Dietrich, seeing only her daughter’s inchoate lyric gifts, proudly showed the quatrain to Ernest Hemingway and Dorothy Parker (whose own grim sensibilities were perfectly matched to the young poet’s); they only remarked on the child’s gravity.
But Maria never acted out her darkest fantasies; instead, she began to take an interest in the theater. Her life had little comfort or stability until she contracted her second marriage (at the age of twenty-two) and began her own career. “Mommy grows younger and more beautiful every year,” she said when still young, “[but] I never felt good enough for her.”
During the summer of 1940, Mommy (then thirty-eight) was certainly considered beautiful and popular enough by executives at Universal that, when Joe Pasternak asked for her to star in another comedy, she was readily signed at twice the salary of Destry Rides Again. Pasternak had commissioned writers John Meehan and Harry Tugend to capitalize on the success of Destry and Dietrich’s self-satire by constructing a spoof of the Sadie Thompson–South Seas epic subgenre. Accordingly they created the role of “Bijou Blanche,” a torch singer of benevolent ill repute who floats from island to island, following and wreaking havoc among the fleet. They all arrive at a gin joint called—thus the film’s title—Seven Sinners, on the fictitious island of Boni Komba, a name contributed by Dietrich and inspired by her nickname for Remarque. Among the latest naval arrivals is a tall, handsome lieutenant (John Wayne) who almost loses his career for her sake; they part, and Bijou returns to a boozy ship’s doctor and a wandering life.
Pasternak and director Tay Garnett suggested the rugged, six-feet-four-inch John Wayne to play Dietrich’s leading man.

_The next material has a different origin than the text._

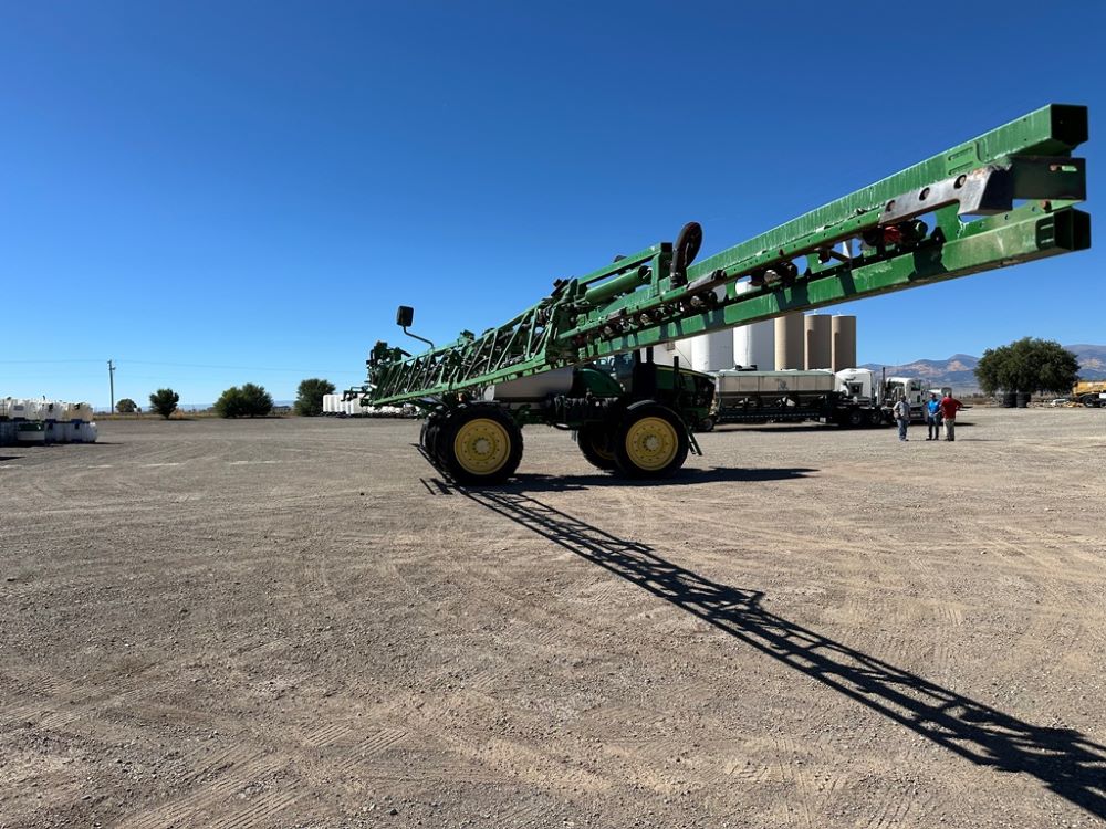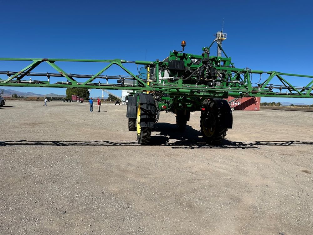 2015 John Deere R4045 (CP1152), John Deere diesel engine, 1200 gallon stainless steel liquid system, 120' boom, 5 way nozzle bodies, saddle mounted poly rinse tank, Star 3000 receiver, John Deere Green Star controller, leather interior, buddy seat, cab heat/air conditioning, AM/FM CD radio, 380/105R50 row crop tires, shows 6232 hours.

Although Wayne, a contract player at the B studio called Republic Pictures, had made more than eighty films since 1927, he had just appeared in Stagecoach and was on the brink of his mythic stardom. But his salary was still merely four hundred dollars a week, and he was supporting a wife and children. Wanting Dietrich’s approval, Garnett invited Wayne to the Universal commissary for lunch and arranged for Dietrich to walk casually nearby to assess him. “With that wonderful floating walk,” according to the director, “Dietrich passed Wayne as if he were invisible, then paused, made a half-turn and cased him from cowlick to cowboots, then turned to me and whispered, ‘Oh, Daddy, buy me that!’ ”
According to John Wayne’s third wife, Pilar (not married to him at that time), the subsequent developments were sheer Dietrich. Wayne was invited for a private conference in her Universal dressing room one day that June, after a session of wardrobe fittings for Seven Sinners. Dietrich dismissed the others, closed and locked the door and fixed a provocative look on Wayne while slowly asking the time. Answering her own question, she then lifted her skirt, and there, encircling her upper thigh, was a black garter with a watch.